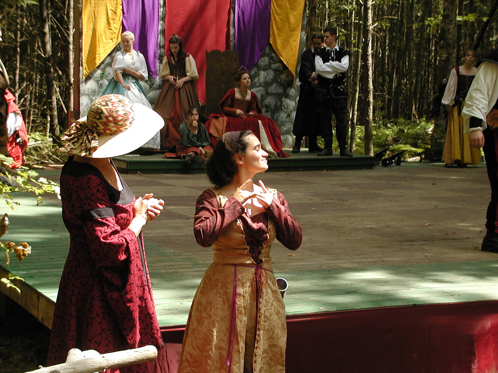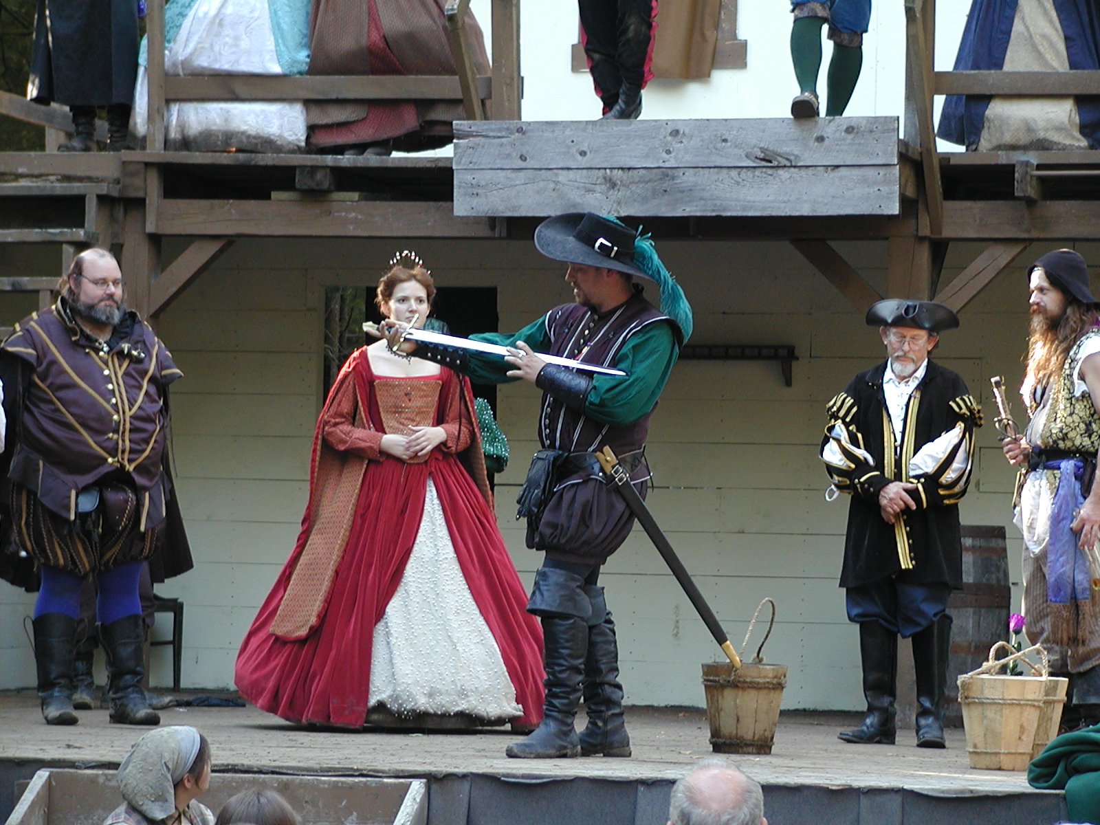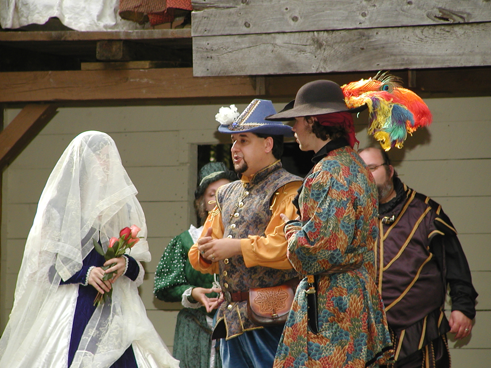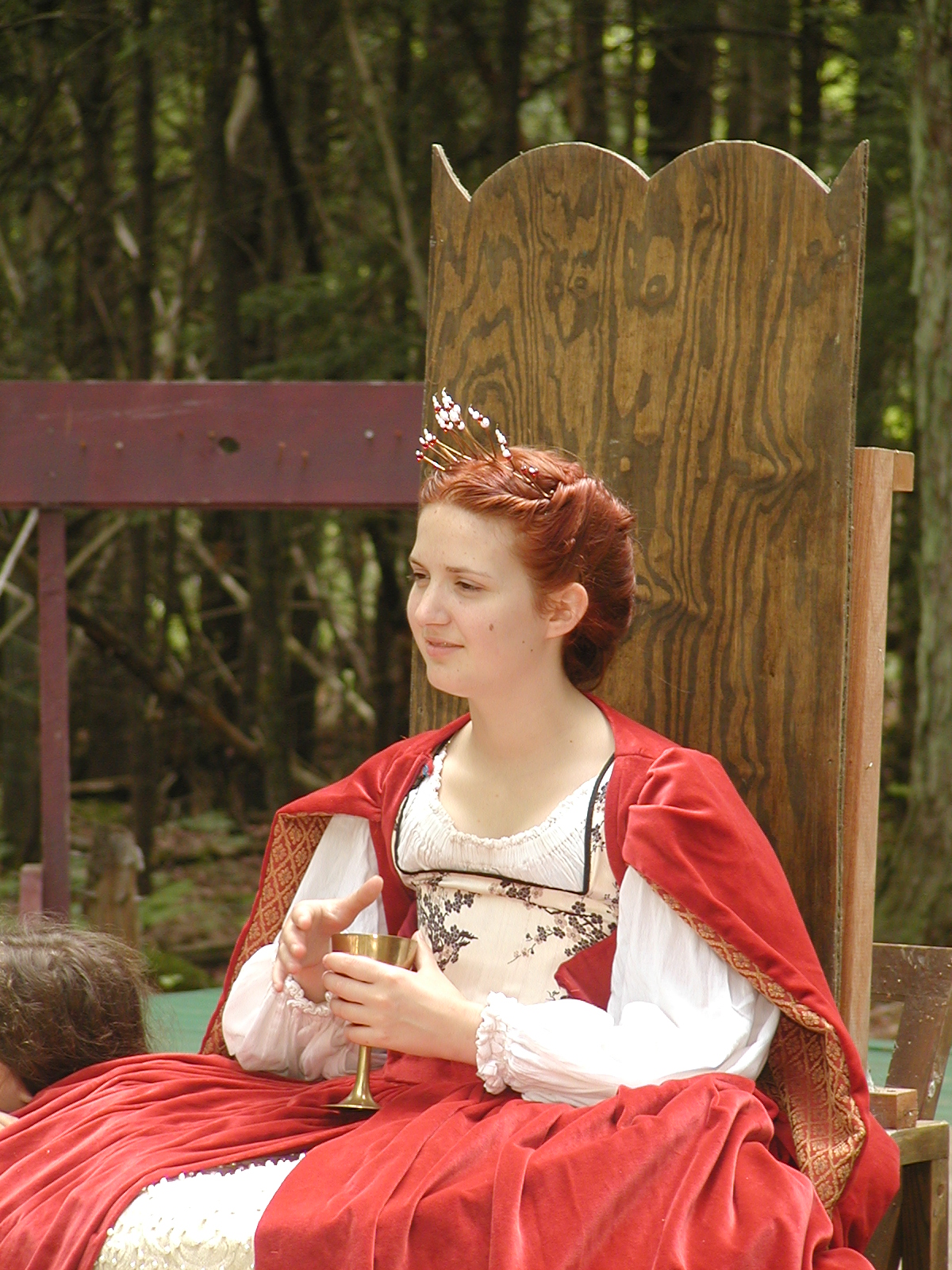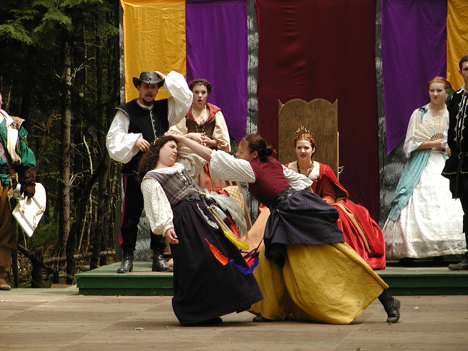 Picture #8: Faire folk Small: 600x823, 87,315 bytes (86K), (html file) Large: 1200x1600, 1,169,592 bytes (1.1M), (html file) Copyright, Michael Meissner 2004, All rights reserved Olympus C-2100UZ camera f/2.8, ISO 100, 1/160 sec, 14.7mm, auto mode, SHQ, sunny, matrix metering 35mm equivalent focal length 82.0mm Extra equipment used: Promaster 5750DX flash Taken by Michael Meissner on July 11, 2004 10:22:57 Last modified on July 14, 2004 at 23:12 This is picture MERF-2004-CAST-02. |
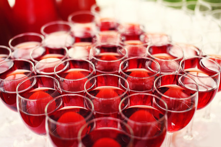 Group of glasses with cherry juice on the table . glasses of cherry juice .Row of Glasses with Fresh cherry Juice. Catering concept. Bokeh blurred background. Selective focus .
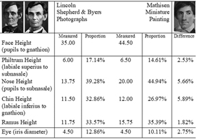 But back to hard facts. All proportions must match from one face to another to have a match. The greatest allowable difference for any given facial feature to be a match is 0.5% (0.75% in non-photo media). In the comparison of the Lincoln photos with the miniature, the differences exceed this by 1.32% to 5.84%, and that absolutely rules out a match.
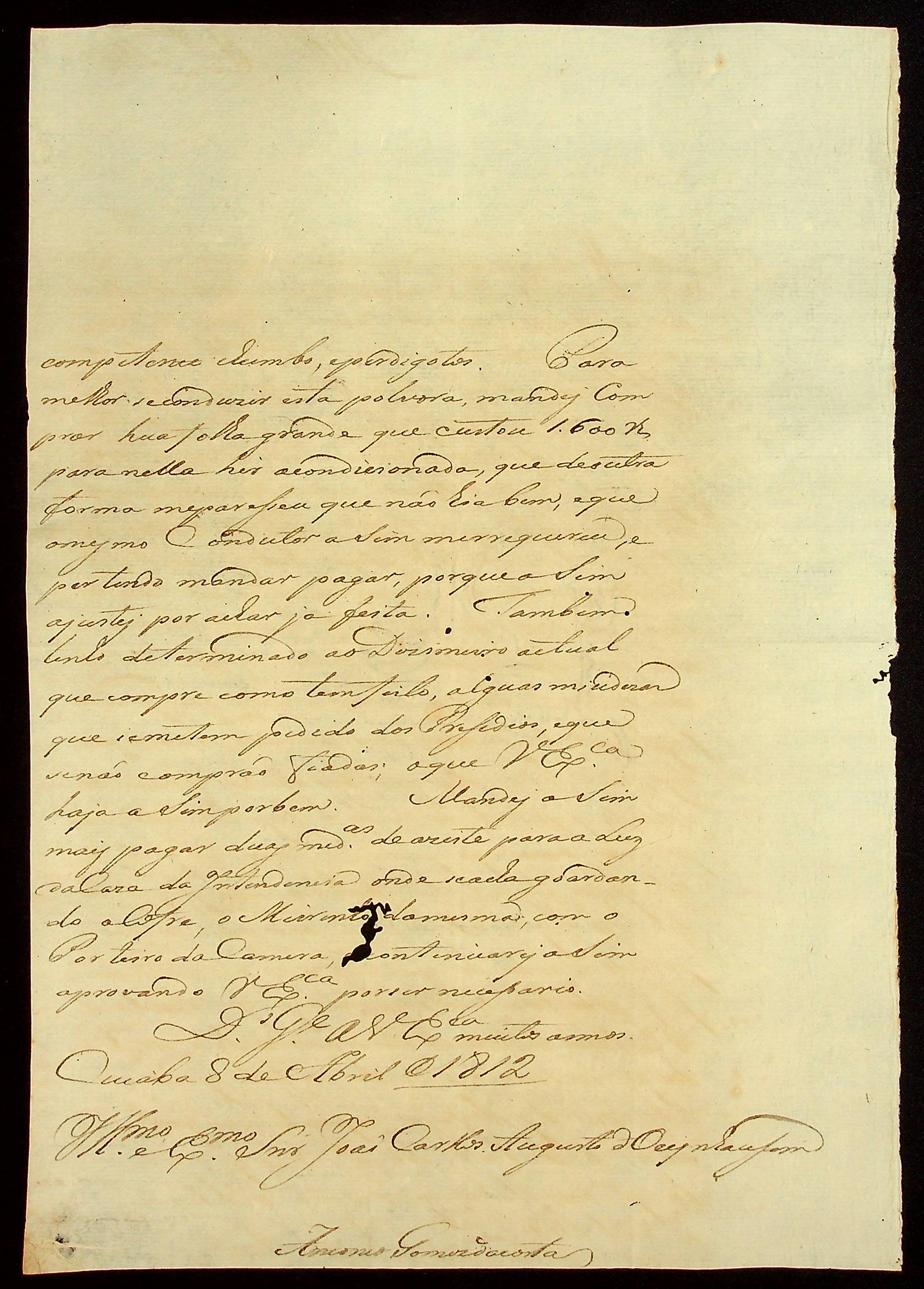 CARTA do [Capitão] Antônio Gomes da Costa ao [Governador e Capitão-General da Capitania de Mato Grosso] João Carlos Augusto d’Oeynhausen e Gravenberg.
************
[Instructions for the task]: Print all the lines above again exactly, without any pictures.

[Response below]:
 Picture #8: Faire folk Small: 600x823, 87,315 bytes (86K), (html file) Large: 1200x1600, 1,169,592 bytes (1.1M), (html file) Copyright, Michael Meissner 2004, All rights reserved Olympus C-2100UZ camera f/2.8, ISO 100, 1/160 sec, 14.7mm, auto mode, SHQ, sunny, matrix metering 35mm equivalent focal length 82.0mm Extra equipment used: Promaster 5750DX flash Taken by Michael Meissner on July 11, 2004 10:22:57 Last modified on July 14, 2004 at 23:12 This is picture MERF-2004-CAST-02. |
 Group of glasses with cherry juice on the table . glasses of cherry juice .Row of Glasses with Fresh cherry Juice. Catering concept. Bokeh blurred background. Selective focus .
 But back to hard facts. All proportions must match from one face to another to have a match. The greatest allowable difference for any given facial feature to be a match is 0.5% (0.75% in non-photo media). In the comparison of the Lincoln photos with the miniature, the differences exceed this by 1.32% to 5.84%, and that absolutely rules out a match.
 CARTA do [Capitão] Antônio Gomes da Costa ao [Governador e Capitão-General da Capitania de Mato Grosso] João Carlos Augusto d’Oeynhausen e Gravenberg.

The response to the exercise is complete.